My first response: when studying theology, doubt what you read. Look for flaws, overstatements, opposing arguments. Read the other side. Answers seem easy when we here a good presentation, but they become more dubious when we hear equally good research on the other side. I may not be up to the task of out-arguing James Dunn about NT theology, but there are those who are up to that task. The work you have read on logos theology is not, as far as I know, widely accepted. It is a debatable position.
My second response: think about your epistemology. I like what N.T. Wright has to say about critical realism in The New Testament and the People of God. Kenton Sparks argues similarly in God’s Word in Human Words (a flawed book, too easily finding “contradictions” in the Bible, but one well worth reading). Critical realism accepts reality without certainty and chooses to accept what appears to be true, while admitting that knowledge is always partial for us.
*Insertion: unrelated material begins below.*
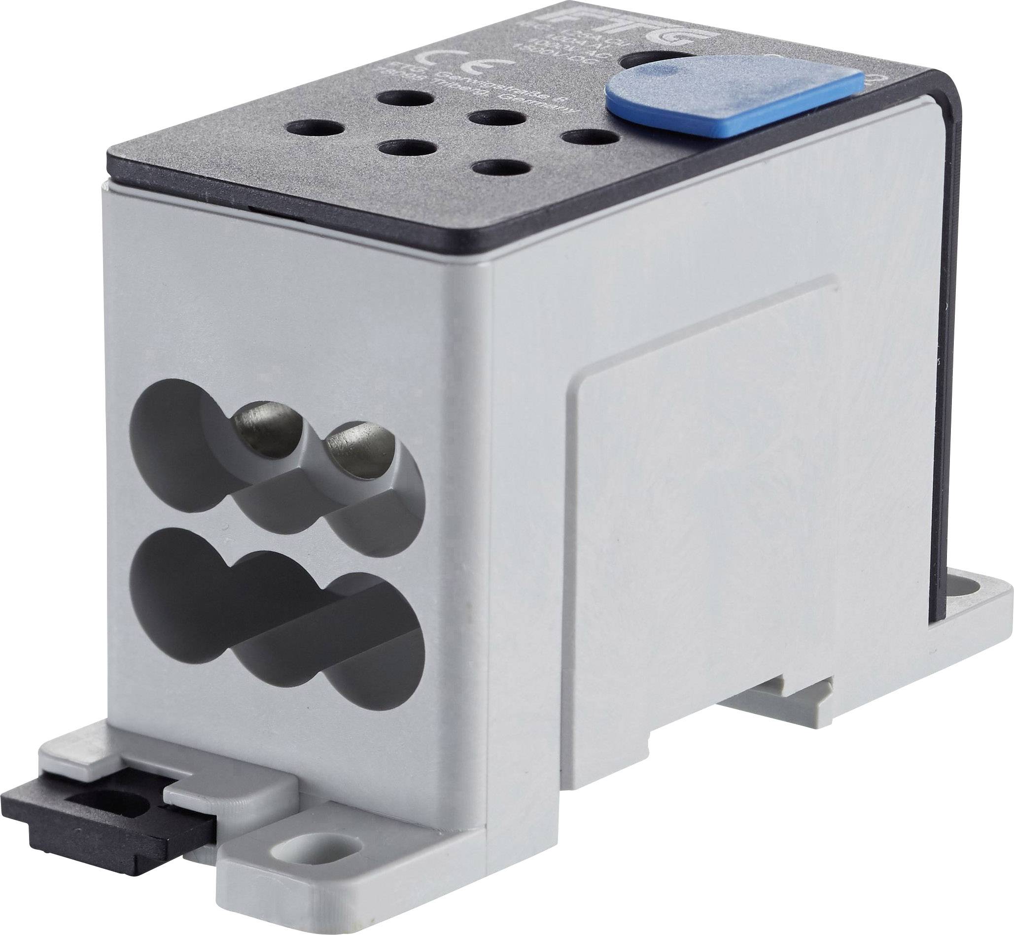 1 x 2,5 mm-50mm² · 6 x 2,5-25 mm² · Inkl. Markierungsplatten · Montage auf Hutschiene und Montageplatte · Zeitersparnis bei der Verkabelung · Ca. 80% Platzersparnis · Modularer Aufbau, mit mehreren Blöcken können 1 - 4 polige Systeme aufgebaut werden · Sichere Befestigung auf DIN-Schiene durch Rastschieber · einfache Anreihbarkeit durch Verbindungsclip · auswechselbare Markierungen für N, PE, DC+ etc.

In other words, if I believe that Yeshua revealed and hinted at his deity (in the synoptics), I don’t have to understand it or figure it all out. I simply believe the simpler explanation (incarnation) is preferable to the logically twisted and intricate logos-theology idea you have expressed, apparently from reading Dunn. I could never prove that my understanding of something as mysterious as the incarnation is right. What chance do I have of adequately understanding the infinite manifesting in the finite?
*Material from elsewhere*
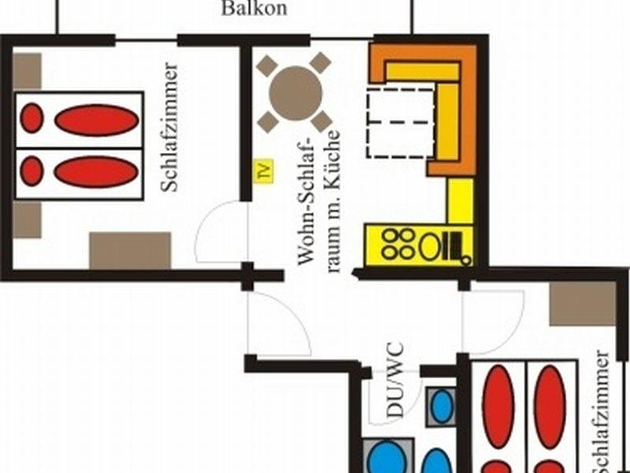 • Wohn-/Schlafräume mit Küchenblock oder separater Küche und Essbereich

Therefore, I am comfortable with unanswered questions and potential contradictions in the text. I am comfortable with gospels and apostles using various means to express or even guess at a mystery even they did not understand. I gave up thinking the apostles knew everything and the trick was to simply interpret them according to some sure-fire hermeneutical scheme. Multivalence and ambiguity are not antithetical to God’s intention in passing down inspired literature. If God was hung up about details and some notion of certain interpretation he’d never have had the apostles quote from the LXX instead of the MT or have included Ecclesiastes or Job or Ezekiel in his revelation to humankind.
Derek
Thank you for the encouragement to study more. I plan to do this in this new season. Chag Sameach to you and yours Derek.